CCAAT/Enhancer Binding Proteins (C/EBPs) are expressed by osteoblasts and adipocytes during differentiation. C/EBPb is critical for adipogenesis; however its role in osteoblastogenesis is unclear, and its function in the postnatal skeleton is not known. To study C/EBPb in osteoblasts in vivo, we created transgenic mice expressing full length C/EBPb under the control of a 3.8 kilobase fragment of the human osteocalcin promoter. Two transgenic lines were established in an FVB genetic background, and compared to wild type littermate controls. Both C/EBP transgenic lines exhibited osteopenia, with a 30% decrease in bone volume, due to a decrease in trabecular number. The number of osteoblasts and osteoclasts per bone perimeter was not changed. Bone marrow stromal cells from C/EBP transgenics showed reduced mineralization, and reduced alkaline phosphatase mRNA levels. Calvarial osteoblasts from C/EBPb transgenics displayed reduced alkaline phosphatase activity.

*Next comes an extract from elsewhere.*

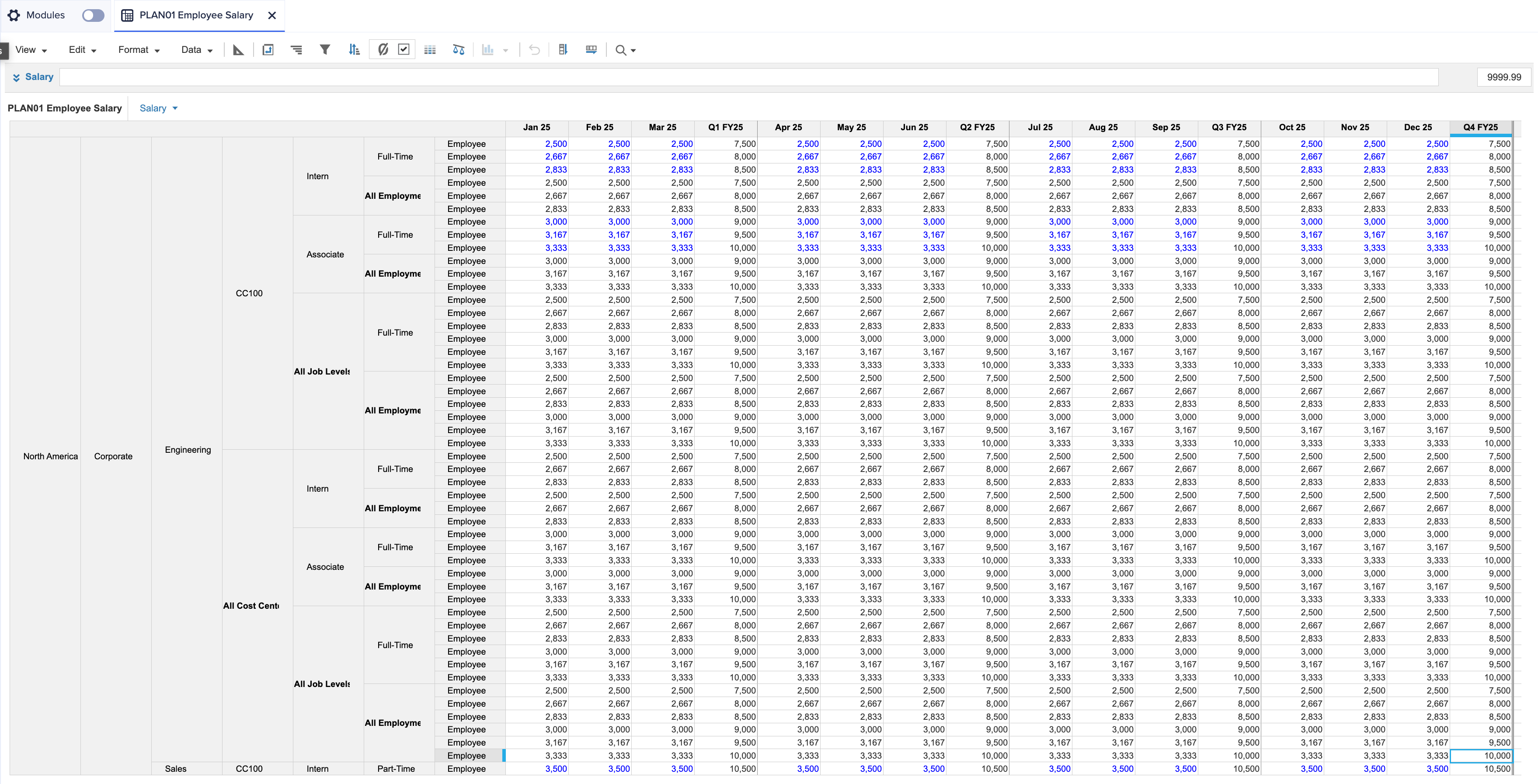 We've increased the number of dimensions that can be nested on a row or column axis of any grid across both the modeling and user experiences in Polaris. Page builders and end users can now use the pivot panel to nest up to eight dimensions on an axis. This enhancement enables users to make use of the full power of Polaris and plan at scale at any level of dimensionality, for example, planning across multiple dimensions, such as employee salary by job role, location, job level, business unit, all in a single grid view.

To determine the consequences of the Cebpb deletion in vivo, the phenotype of Cebpb null mice was compared to that of wild type controls of identical genetic composition. Cebpb null mice exhibited reduced weight, body fat, and bone mineral density, and decreased bone volume, due to a decrease in trabecular number. The number of osteoblasts and osteoclasts per bone perimeter was not changed. C/EBPb down regulation by RNA interference in calvarial osteoblasts had no effect on osteoblast differentiation/function. The phenotype of the Cebpb inactivation may be secondary to systemic indirect effects, and to direct effects of C/EBPb in osteoblasts. In conclusion, C/EBPb plays a role in mesenchymal cell differentiation and its misexpression in vivo causes osteopenia.